***** Material provided

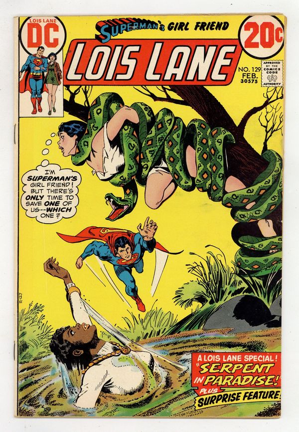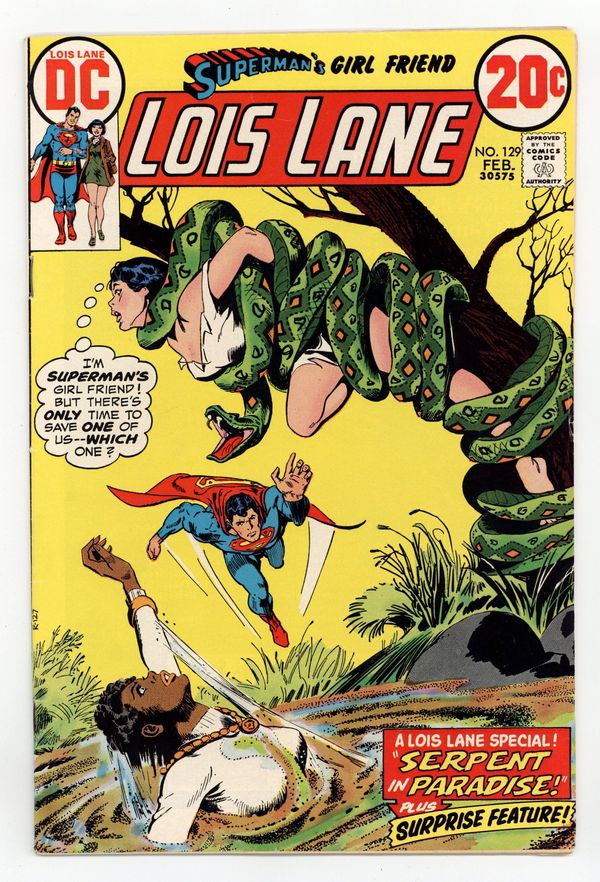 Tags: Superman$18.00Cover art by Bob Oksner. Serpent in Paradise, script by Maxine Fabe, pencils by John Rosenberger, inks by Vince Colletta; Lois and her roommates discover that a guru is really heading a criminal organization. The Million Dollar Night!, pencils by Don Heck, inks by Vince Colletta; Thorn stops some muggers and receives a reward from a reclusive millionaire. 36 Pages, Full Color. Cover price $0.20.
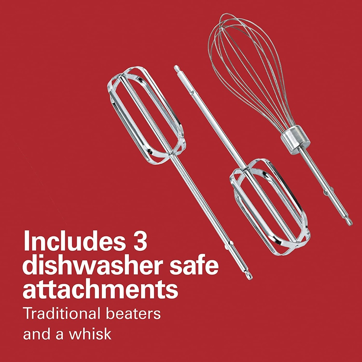 The Hamilton Beach hand mixer includes everything you need to start mixing. It comes with 2 dishwasher safe traditional beaters and a whisk. All the accessories store neatly in the snap-on storage case.
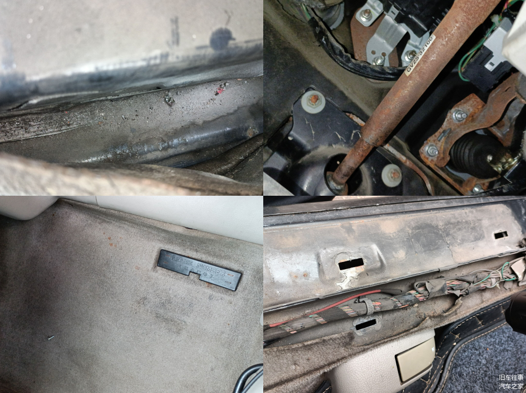 好家伙,这不看不知道,一看吓一跳。检查内饰细节,发现内饰还进过水,方向管柱锈蚀,门槛线束存在泥沙水痕,地毯存在霉斑水渍!也不知道这辆老马6经历了什么了,事故,火烧,水泡,调表,目前看下里,差个火烧就齐全了。

**********

Assignment: Copy the listing above in full and exactly, but omit each picture that it holds.

Your solution:
 Tags: Superman$18.00Cover art by Bob Oksner. Serpent in Paradise, script by Maxine Fabe, pencils by John Rosenberger, inks by Vince Colletta; Lois and her roommates discover that a guru is really heading a criminal organization. The Million Dollar Night!, pencils by Don Heck, inks by Vince Colletta; Thorn stops some muggers and receives a reward from a reclusive millionaire. 36 Pages, Full Color. Cover price $0.20.
 The Hamilton Beach hand mixer includes everything you need to start mixing. It comes with 2 dishwasher safe traditional beaters and a whisk. All the accessories store neatly in the snap-on storage case.
 好家伙,这不看不知道,一看吓一跳。检查内饰细节,发现内饰还进过水,方向管柱锈蚀,门槛线束存在泥沙水痕,地毯存在霉斑水渍!也不知道这辆老马6经历了什么了,事故,火烧,水泡,调表,目前看下里,差个火烧就齐全了。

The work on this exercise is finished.